O vendedor da editora Record -que levou uma dúzia de exemplares de “O Cachorro e o Lobo”, lançado no ano passado- não consegue vender nenhum. “Já era esperado. É mais para marcar presença”, diz.

Falta ainda uma solenidade noturna na Câmara dos Vereadores. Novos discursos, coquetel com salgadinhos e fim de papo.

Junco

Antônio Torres nasceu de parteira em uma fazenda da região quando Sátiro Dias ainda se chamava Junco, em 1940. Primogênito de 11 irmãos, foi criado ali e assistiu à chegada do primeiro caminhão: “Ele apareceu no topo da colina, descendo a estrada, trazendo um inédito cheiro de combustível. Ficamos com medo, achando que ele vinha atrás de nós”.

Torres saiu de lá aos 14 anos para estudar na vizinha Alagoinhas. Trabalhou em jornais em Salvador e São Paulo (“Última Hora”), passou para a publicidade e acabou se tornando escritor nos anos 70. Suas obras ganharam traduções na França, Alemanha, Itália, Holanda, Inglaterra, Estados Unidos, Argentina e Israel.

Talvez o livro que melhor resuma a obra de Torres seja “Essa Terra”, lançado originalmente em 1976. Vendeu 100 mil exemplares no Brasil e hoje está em sua 13ª edição, pela Ática.

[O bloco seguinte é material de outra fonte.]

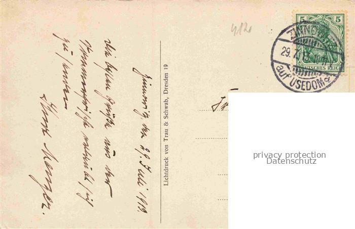 34145281 alte Postkarte ZINNOWITZ Ostseebad Strandpartie Segelboot Ansicht vom Meer aus postalisch gelaufen Erhaltung siehe scans [FriedD77] KatCode: 11110013059107

O mote de “Essa Terra”, e de várias de suas obras, não é apenas a cidade perdida na seca. É isso mais a migração dos baianos para São Paulo em busca de trabalho. E também o destino trágico de quem não consegue vencer na cidade grande.

No livro, após anos trabalhando em São Paulo, o baiano Nelo volta para Junco e é recebido com festa. Todos o imaginam vencedor. Afinal de contas, chega usando óculos Ray-Ban e palavras difíceis. Mas acaba cometendo suicídio, se enforcando com uma rede.

Nelo é inspirado em história real. Em 1973, um satirodiense conhecido como Lela de Tote, depois de várias idas e vindas a São Paulo, se enforcou assim.

O que impressionou a cidade não foi o suicídio. “Havia muitos”, conta Torres, “mas o fato foi que Lela não amarrou seu pescoço em uma árvore, deixando a gravidade fazer o serviço. Ele se enforcou na armação de uma rede, que era mais baixa que ele próprio, apertando a corda com as mãos e morrendo de joelhos”.

Partindo dessa história, Torres traça um panorama desse sertão baiano, em que a seca expulsa os roceiros para São Paulo ou outras metrópoles. Não é o universo de “Vidas Secas” (Graciliano Ramos), em que os miseráveis cortam a caatinga a pé.

Os roceiros de Torres pegam caminhão pau-de-arara ou ônibus para o Sudeste, trabalham na construção civil e voltam para Sátiro Dias -ou Junco, como o escritor prefere.

Torres gosta tanto do antigo nome da cidade que só se refere a ela como Junco. Chegou a ensaiar um movimento para que a cidade reassumisse o nome.

“Não deu certo, mas já estou me acostumando. Sátiro Dias, na verdade, foi um baiano porreta. Trouxe o correio para nosso arraial e soltou os escravos do Ceará, onde foi governador, quatro anos antes da Lei Áurea”, diz Torres.

O correio trazido por Sátiro Dias foi, por décadas, o único meio de comunicação dos moradores com seus parentes no Sudeste. O primeiro telefone, por exemplo, só chegou ali em 1986. Até hoje, a agência recebe cerca de 300 cartas e envia outras tantas por semana.

A chegada do telefone faz parte da modernização pela qual Sátiro Dias passa nos últimos tempos. Já existem parabólicas na cidade (a televisão chegou em 1975). E há quatro anos, os últimos 40 quilômetros de estrada de terra que separavam a cidade do resto da Bahia foram vencidos pelo asfalto.